Output must consist only of the lines of the material below from the one with "Karta Projekt v" through the one with "4、进入设置,找到下方的广告过滤,点击开关右侧的按钮进入", each reproduced exactly; no pictures belong in it.

- MATERIAL FOR THIS EXERCISE -
*** Block opens ***

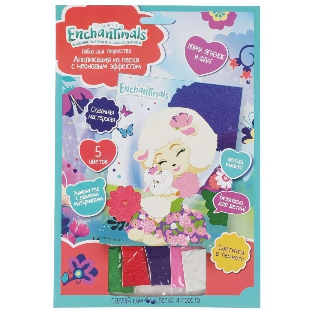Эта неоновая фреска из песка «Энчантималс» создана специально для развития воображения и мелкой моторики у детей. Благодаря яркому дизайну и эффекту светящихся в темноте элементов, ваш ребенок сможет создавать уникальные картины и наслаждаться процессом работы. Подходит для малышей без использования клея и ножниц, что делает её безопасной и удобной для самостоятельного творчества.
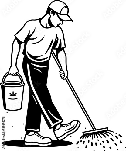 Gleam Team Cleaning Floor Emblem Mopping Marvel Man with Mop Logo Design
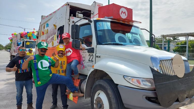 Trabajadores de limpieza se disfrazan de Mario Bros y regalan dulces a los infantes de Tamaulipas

*** Block closes ***
*** Block opens ***

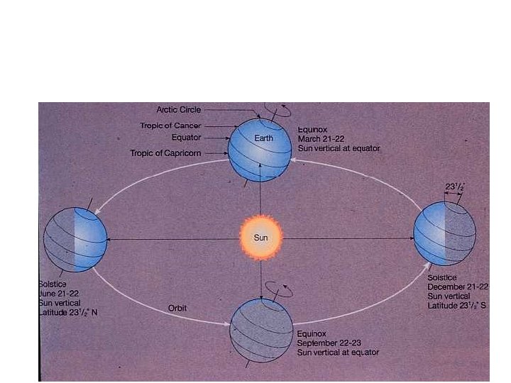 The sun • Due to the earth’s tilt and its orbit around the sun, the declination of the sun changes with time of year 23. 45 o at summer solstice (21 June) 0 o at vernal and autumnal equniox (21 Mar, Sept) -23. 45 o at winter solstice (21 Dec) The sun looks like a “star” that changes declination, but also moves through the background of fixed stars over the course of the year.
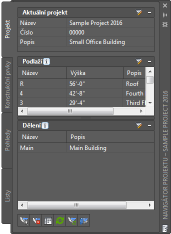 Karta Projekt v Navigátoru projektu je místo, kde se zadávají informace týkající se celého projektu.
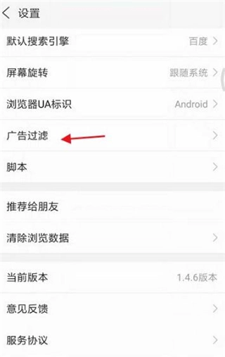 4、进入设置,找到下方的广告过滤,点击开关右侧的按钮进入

*** Block closes ***

- OUTPUT OF THE EXERCISE -
 Karta Projekt v Navigátoru projektu je místo, kde se zadávají informace týkající se celého projektu.
 4、进入设置,找到下方的广告过滤,点击开关右侧的按钮进入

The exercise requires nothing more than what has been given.